First of all, a purchased ton of carbon is not a promise. In all cases, a tradable emissions credit represents a ton of carbon dioxide equivalent that has already been permanently reduced. The permanent reduction is a basic criterion that exists in all carbon trading regimes, and the permanence issue is the main reason why, to date, forestry has been kept out of compliance markets. Once a ton of carbon has been permanently reduced, its reduction is just as long-lived as any—i.e., forever. Yes, in order for the market to be effective the participants must know with reasonable certainty that that ton has, in fact, been reduced. However, Schapiro has grossly overstated the problem “each relies on a promise that cannot be kept, and whose keeping cannot be measured reliably” and it is strange that Schapiro would refer to all carbon credits in this way just a sentence behind saying they are not uniform. First, some offsets are difficult to measure reliably, but a great many others are validated through records of physical destruction of greenhouse gasses kept by continuous monitoring systems that are extremely reliable. Further, it is completely possible to have a carbon trading system that does not allow offsets. In this case, verification of reductions and emissions is once again done through continuous monitoring systems on large, point-source facilities. Again, this is very reliable. It maybe worthwhile to discuss which projects are acceptable for offsets, or even for that matter, whether or not offsets can reliably be included in an effective carbon trading system. However this article seems uninterested in that kind of discussion, probably because it’s not sensational, and it’s difficult to get your hands around. Nonetheless, the fact that the first major emissions trading system has allowed the emission of difficult to measure credits does not mean that this is an intrinsic property of all emissions trading systems.

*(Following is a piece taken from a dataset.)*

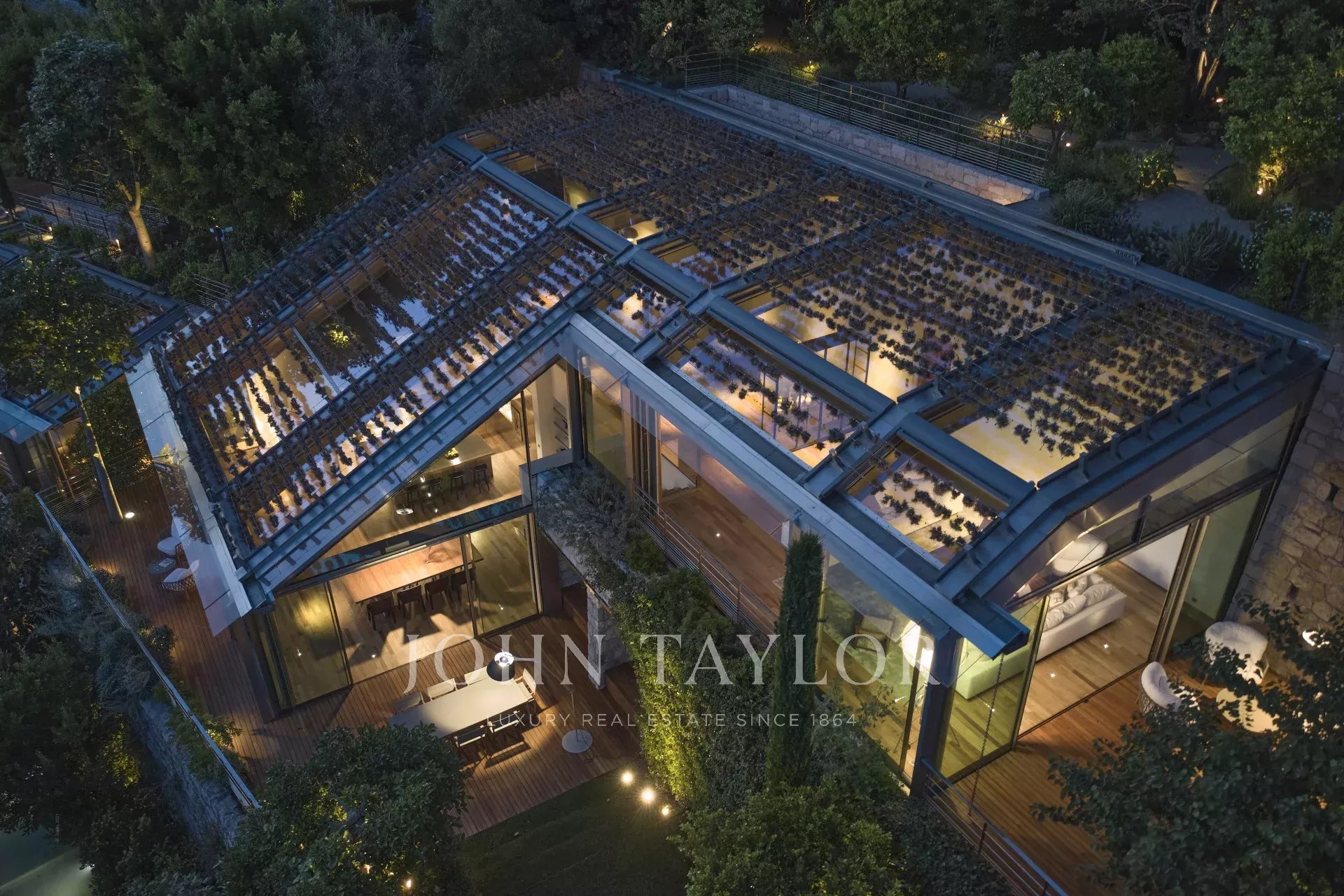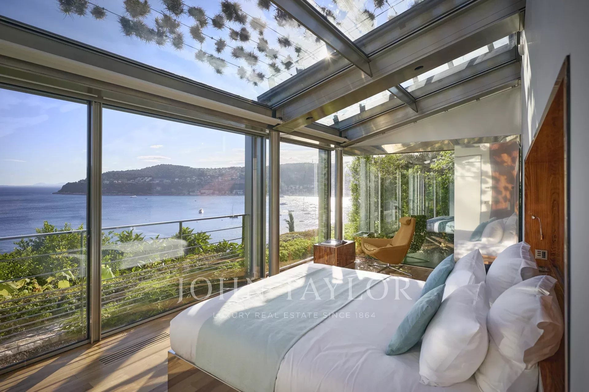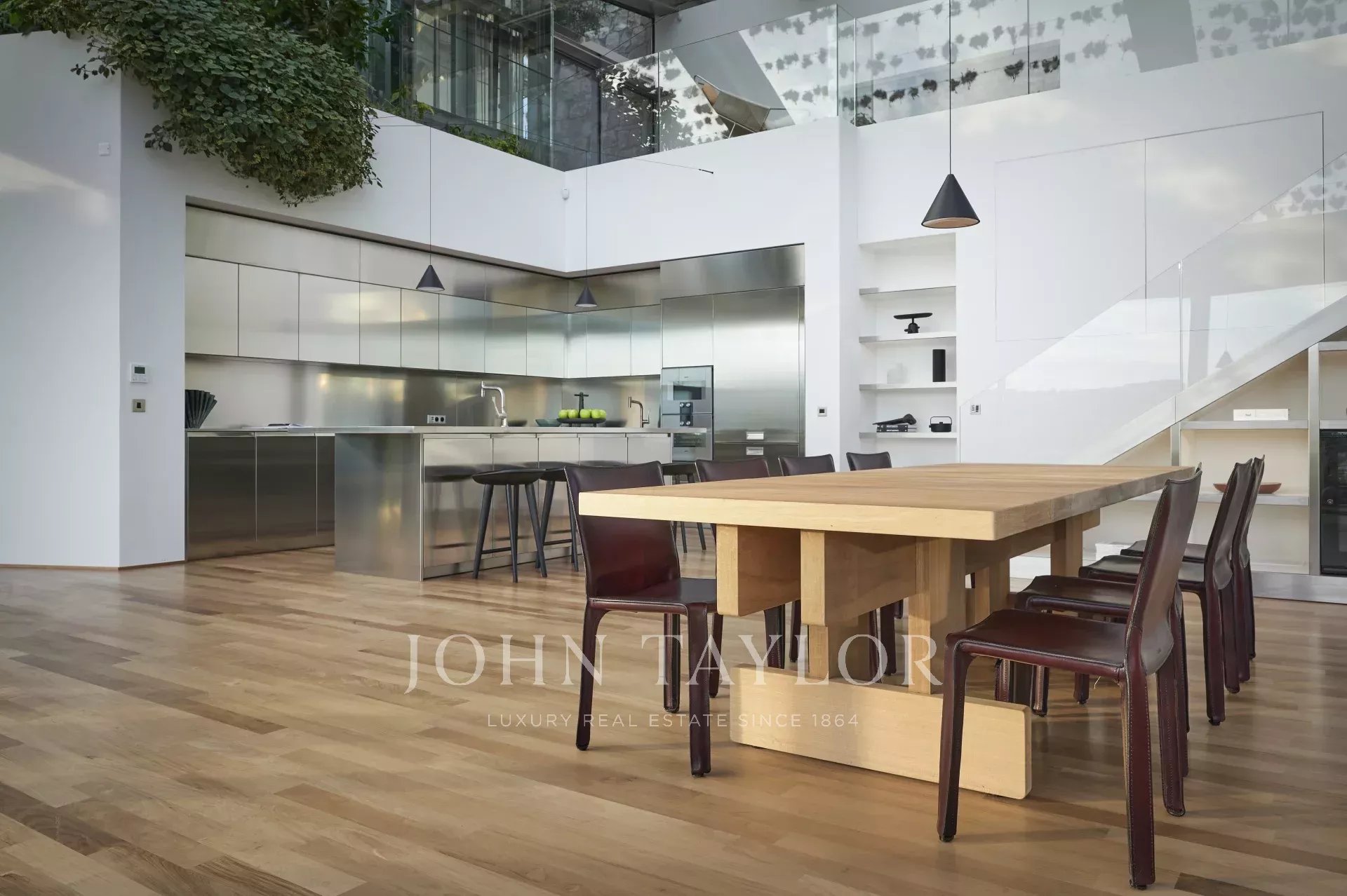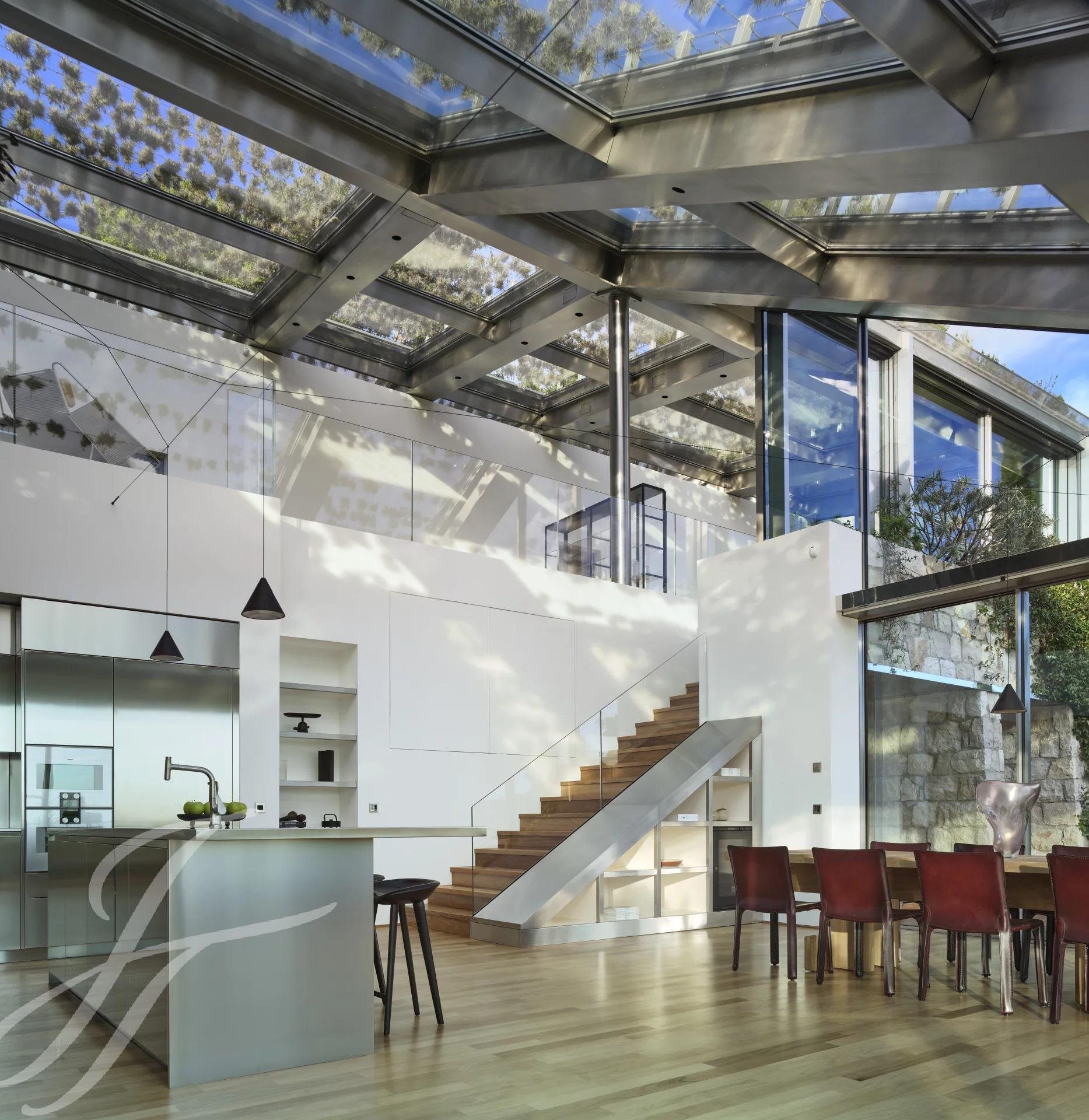 Il soggiorno, la sala da pranzo e la cucina, radicalmente contemporanei, vantano soffitti a doppia altezza. Soffitti di vetro! Naturalmente trattati in modo speciale e oscurabili con tende speciali.
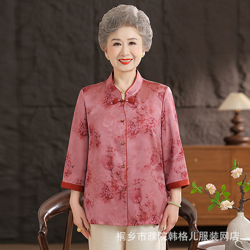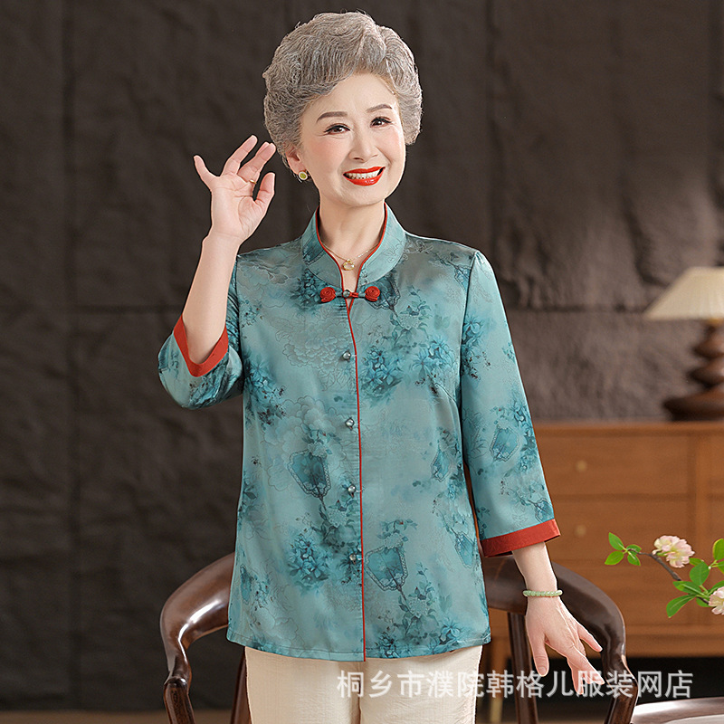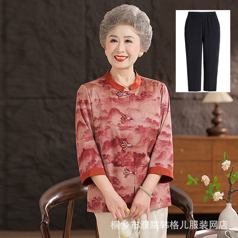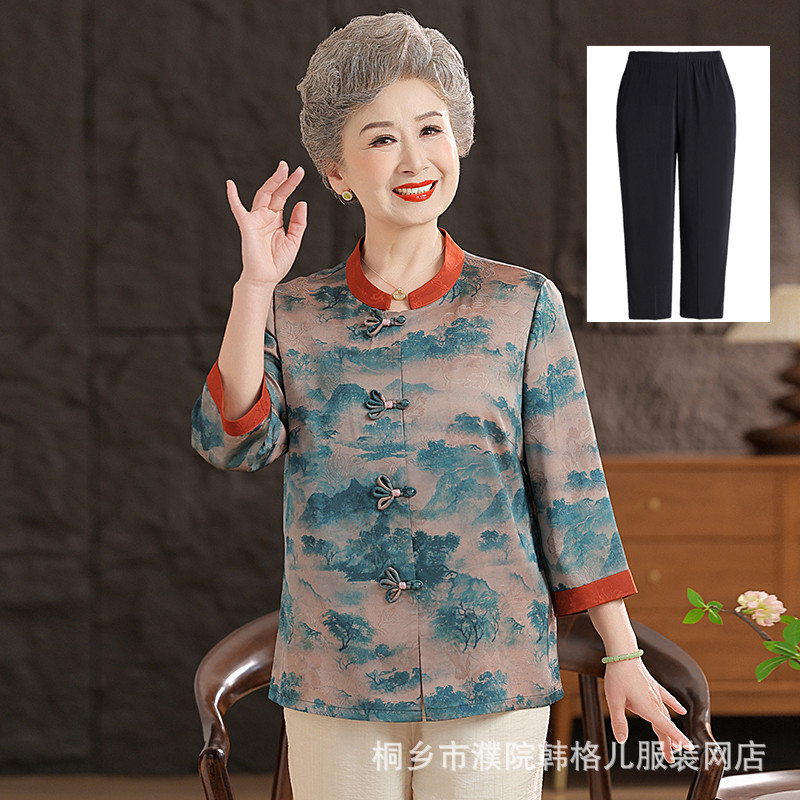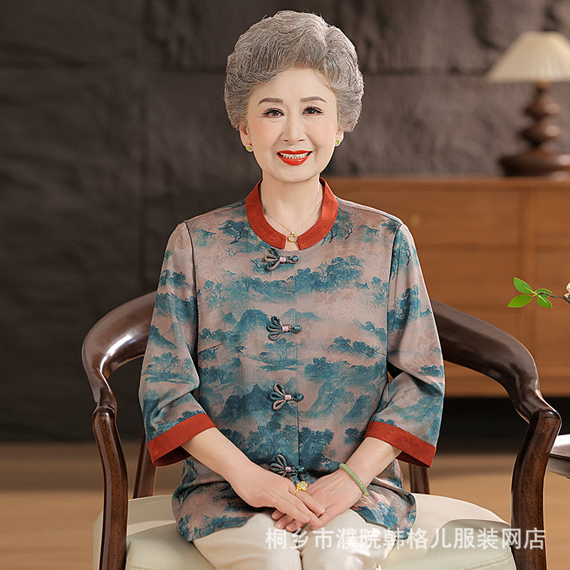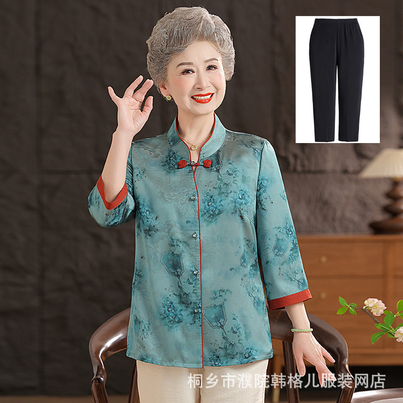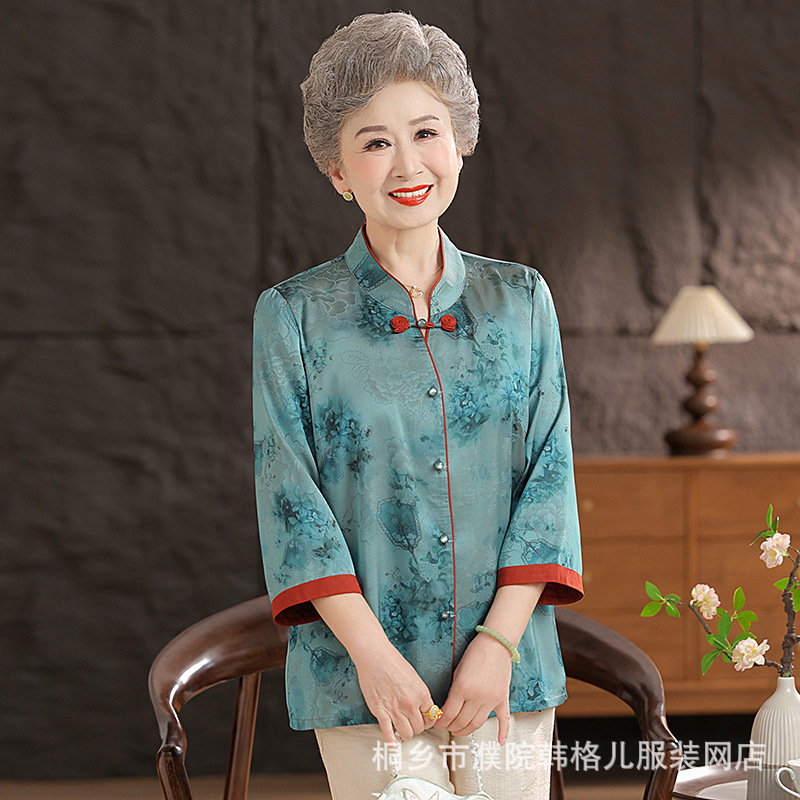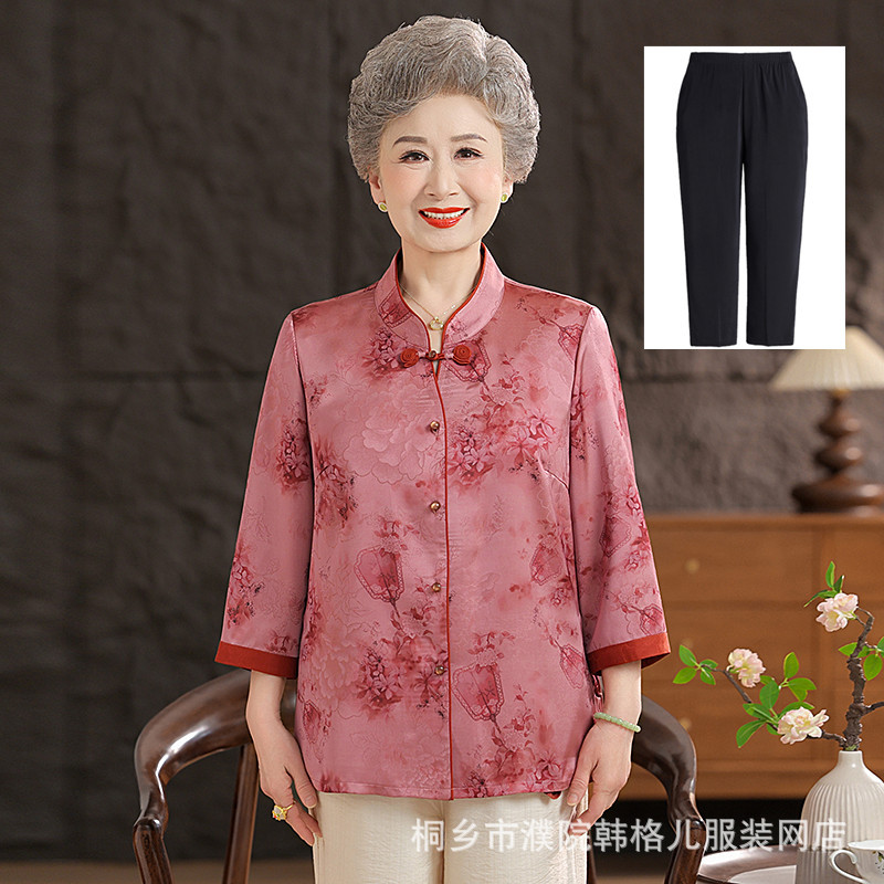 Пожилой летний костюм бабушки рубашки 60-летний 70 мама новый китайский костюм Tang старая летняя рубашка

Finally, at the end of the article, the author offers no viable alternative. The strangest component of the paragraph is the claim that, on paper, cap-and-trade is seductively elegant, but that in practice it requires the same regulatory structure as a carbon tax. The usual argument for a tax over cap-and-trade is that the cap-and-trade structure is complicated and a tax is simple. Here, Schapiro seems to assume the opposite. I agree with Schapiro that a tax and cap-and-trade, when put into effect, are equally complicated. However, what I don’t understand is the argument that the complex regulatory structure necessary for cap-and-trade is a bad idea. And if he is too is trying to say that a tax is better (though it is not at all clear to me what he is trying to say), then he appears not to realize that a tax will involve the same monitoring complications? Greenhouse gasses are emitted from almost machine in the economy, and from many life forms and natural formations in the ecosystem. In what dimension of space is coming up with a system that allows for continued economy growth while reducing emissions going to be simple? On what planet will it not have difficulties and pitfalls? If someone comes up with the simple, univariate solution to global warming, I will not be the first to say it is a good idea because too many people will beat me to the punch. But I have confidence that is not going to happen.
Discussion and serious treatment of monitoring and verification, equity, and economic components of solving the climate change problem are incredibly important in order for society to come up with a workable solution. Unfortunately Schapiro, like many other journalists covering the issue, seems to value sensationalism and senseless alarmism over real discussion. It should not be sufficient to say that markets are bad simply because they are markets, or that monitoring is bad simply because it is complicated and prone to error. If, in the future, reporters, market participants, environmentalists, and regulators do not do better it will be a loss for us all.